Twelve years old. A strange age to meet your brother for the first time.
They both had long hair. Both stood with a relaxed, weight-on-one-hip non-chalance. Both had this you-know-I’m-enjoying-this-there’s-nothing-fake-about-it smiles. They both talked to us, their parents, with utter, supreme confidence—a connection with an adult world that came quicker than with most children—as it does with an only child … or an adopted one.
But it was the walk we all noticed. We’d hung out as a group—Max, Laura, and me; and Denise and Brian (we’d meet Brian’s father, Bruce) later—for a short time. Safety in numbers. A protective bubble for the kids. But soon it was clear that it wasn’t necessary. The adults found some chairs and the shade of a canopy, and Max and Brian left on their own to ride the tallest waterslide in the park. “The Perilous Plunge” or “The Huge Luge” or some such typical theme park waterslide name.
And we watched them walk away together. Their strides perfectly matched, their posture exactly the same.

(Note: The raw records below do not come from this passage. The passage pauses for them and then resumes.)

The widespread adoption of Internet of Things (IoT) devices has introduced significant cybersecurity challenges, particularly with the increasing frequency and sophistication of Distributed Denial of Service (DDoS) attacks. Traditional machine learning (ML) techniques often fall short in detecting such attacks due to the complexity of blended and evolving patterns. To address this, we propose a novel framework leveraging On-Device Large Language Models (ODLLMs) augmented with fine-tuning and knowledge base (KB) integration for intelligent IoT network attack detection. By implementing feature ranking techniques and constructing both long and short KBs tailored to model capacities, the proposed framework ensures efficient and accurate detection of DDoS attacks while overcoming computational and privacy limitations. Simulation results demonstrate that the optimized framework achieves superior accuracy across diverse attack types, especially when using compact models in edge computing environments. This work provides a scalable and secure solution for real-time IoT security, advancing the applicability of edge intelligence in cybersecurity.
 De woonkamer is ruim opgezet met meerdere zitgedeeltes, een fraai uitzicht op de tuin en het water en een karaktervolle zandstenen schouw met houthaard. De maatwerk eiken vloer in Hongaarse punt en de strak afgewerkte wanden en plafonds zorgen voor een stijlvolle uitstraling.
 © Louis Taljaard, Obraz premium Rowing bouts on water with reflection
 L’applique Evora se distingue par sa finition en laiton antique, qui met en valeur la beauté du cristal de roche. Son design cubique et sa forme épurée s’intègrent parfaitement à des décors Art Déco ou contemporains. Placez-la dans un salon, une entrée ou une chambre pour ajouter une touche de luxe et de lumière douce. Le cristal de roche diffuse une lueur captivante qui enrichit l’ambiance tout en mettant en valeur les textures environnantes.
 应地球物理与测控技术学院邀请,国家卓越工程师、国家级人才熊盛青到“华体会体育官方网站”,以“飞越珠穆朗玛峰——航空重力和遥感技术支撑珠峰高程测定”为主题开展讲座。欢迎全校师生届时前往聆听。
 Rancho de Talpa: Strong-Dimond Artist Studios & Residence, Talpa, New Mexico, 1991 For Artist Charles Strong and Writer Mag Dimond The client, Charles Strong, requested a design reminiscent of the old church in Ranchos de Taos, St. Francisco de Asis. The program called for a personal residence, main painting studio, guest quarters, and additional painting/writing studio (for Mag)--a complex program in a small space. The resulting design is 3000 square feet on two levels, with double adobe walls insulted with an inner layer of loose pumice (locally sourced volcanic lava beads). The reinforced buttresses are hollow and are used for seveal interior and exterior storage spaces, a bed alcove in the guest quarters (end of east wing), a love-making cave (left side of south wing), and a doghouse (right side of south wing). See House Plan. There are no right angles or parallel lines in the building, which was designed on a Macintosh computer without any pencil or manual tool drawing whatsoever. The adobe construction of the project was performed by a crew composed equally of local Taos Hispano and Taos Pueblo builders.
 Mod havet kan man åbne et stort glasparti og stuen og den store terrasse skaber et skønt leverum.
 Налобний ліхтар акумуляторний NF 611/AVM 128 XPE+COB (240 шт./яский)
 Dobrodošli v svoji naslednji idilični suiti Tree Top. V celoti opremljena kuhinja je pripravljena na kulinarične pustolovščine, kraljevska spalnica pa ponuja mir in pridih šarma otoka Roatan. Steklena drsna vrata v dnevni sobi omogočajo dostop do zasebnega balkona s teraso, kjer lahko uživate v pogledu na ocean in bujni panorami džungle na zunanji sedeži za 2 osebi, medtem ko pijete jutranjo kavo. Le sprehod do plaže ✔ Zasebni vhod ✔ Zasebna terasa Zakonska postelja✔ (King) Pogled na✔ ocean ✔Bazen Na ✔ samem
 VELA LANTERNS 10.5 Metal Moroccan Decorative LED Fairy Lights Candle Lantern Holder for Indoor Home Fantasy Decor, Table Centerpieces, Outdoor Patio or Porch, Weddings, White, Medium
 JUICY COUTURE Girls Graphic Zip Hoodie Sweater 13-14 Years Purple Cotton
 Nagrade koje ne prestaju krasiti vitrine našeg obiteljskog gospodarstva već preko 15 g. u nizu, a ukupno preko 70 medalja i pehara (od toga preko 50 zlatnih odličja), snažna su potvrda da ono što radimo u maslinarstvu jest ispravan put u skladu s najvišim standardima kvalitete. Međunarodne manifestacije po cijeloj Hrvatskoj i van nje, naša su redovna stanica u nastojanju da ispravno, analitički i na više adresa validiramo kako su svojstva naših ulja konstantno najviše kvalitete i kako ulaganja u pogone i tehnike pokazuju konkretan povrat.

Brian, almost three years older, was a head taller than his younger brother. Max’s growth spurt was a year away. I swear I felt an air of protectiveness coming from Brian—like static electricity in the air—an older brother’s willingness to step up for his sibling if he had to. And just as much I felt the cool assuredness of safety blowing off of Max and back to us. As if he was saying, “This is good. This is a connection. I’ll be fine. I’m with my brother.”
***
This is a hard, horrible day. And the days and weeks to come will be even harder … when those moments when we haven’t thought about it for a while suddenly return … and plunge ice-cold into our hearts. I want them always to be walking together. Here. Not in some memory I have to conjure. Here. On this Earth. Sharing what brothers share. Max and Brian. Brian and Max.